We are going to use functions from the statsmodels python package for the examples below.
import statsmodels.api as sm
from statsmodels.formula.api import ols
The following code will produce an ANOVA table with our results using the statsmodels.stats.anova.anova_lm() function.
# reshape the d dataframe suitable for statsmodels package
df_reshaped = pd.melt(df.reset_index(), id_vars=['index'], value_vars=['Control', 'F1', 'F2', 'F3'])
# replace column names
df_reshaped.columns = ['index', 'treatments', 'value']
# Ordinary Least Squares (OLS) model
model = ols('value ~ C(treatments)', data=df_reshaped).fit()
anova_table = sm.stats.anova_lm(model, typ=2)
# display the results table
anova_table
sum_sq | df | F | PR(>F) | |
---|---|---|---|---|
C(treatments) | 251.440000 | 3.0 | 27.464773 | 2.711994e-07 |
Residual | 61.033333 | 20.0 | NaN | NaN |
Compare the above to the table we made in class. Both of these python packages are valid ways to solve the basic problem.
However, we need to apply Tukey’s test to tell which groups are different from which other groups. Read the documentation for the pairwise_tukeyhsd function here.
from statsmodels.stats.multicomp import pairwise_tukeyhsd
# perform multiple pairwise comparison (Tukey HSD)
m_comp = pairwise_tukeyhsd(endog=df_reshaped['value'], groups=df_reshaped['treatments'], alpha=0.05)
# display the results table
print(m_comp)
Multiple Comparison of Means - Tukey HSD, FWER=0.05
=====================================================
group1 group2 meandiff p-adj lower upper reject
-----------------------------------------------------
Control F1 7.6 0.0 4.7771 10.4229 True
Control F2 4.8667 0.0006 2.0437 7.6896 True
Control F3 8.2 0.0 5.3771 11.0229 True
F1 F2 -2.7333 0.0599 -5.5563 0.0896 False
F1 F3 0.6 0.9324 -2.2229 3.4229 False
F2 F3 3.3333 0.0171 0.5104 6.1563 True
-----------------------------------------------------
The “reject” column in this table shows us that all of the fertilizer treatments are different from the control (reject=True, we can reject the null hypothesis), and that treatments F2 and F3 are different from each (reject=True) other but not from F1 (reject=False).

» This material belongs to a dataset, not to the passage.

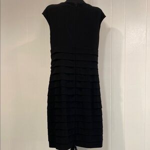 American Living black dress featuring elegant v-neck design with sophisticated tiered detailing throughout. Classic cap sleeves and knee-length silhouette perfect for versatile styling.

Look at the boxplot graph above again. The boxplots shows the interquartile ranges and plus and minus 1.5 times the interquartile range – these are related to the 95% confidence range but do not show it exactly. Note that the lower and upper ranges shown in the Tukey table above suggest a real difference if the 95% confidence range does not include 0. (If it includes 0, then there’s a greater than 5% chance that there’s really no difference at all.)
This is the extent of what you need to complete the homework problem. I encourage you to read the details about each of these functions, review the lecture notes, or other resources you can find online. Chapter 7 of the USGS book covers in much more detail one-factor ANOVA as well as several more tests for comparing multiple groups of samples.